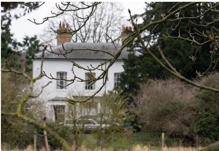
The White House

Historic England listing information: Built about 1722 and refaced in the early C19. Originally called Hook House, later Russell's Farm, later again Hook Farm. Two
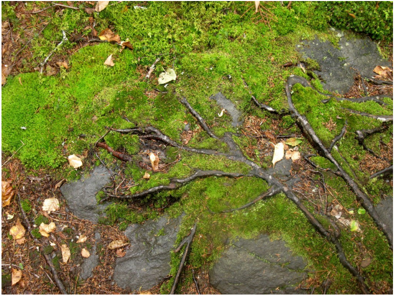
Roots, moss, and rocks
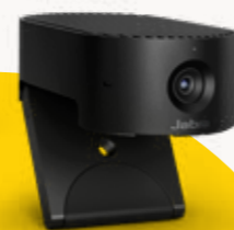
Jabra PanaCast 20

● ● ●

*Instructions to follow:* Repeat all of the material above exactly, leaving out pictures.

*Response area:*
The White House

Historic England listing information: Built about 1722 and refaced in the early C19. Originally called Hook House, later Russell's Farm, later again Hook Farm. Two
Roots, moss, and rocks
Jabra PanaCast 20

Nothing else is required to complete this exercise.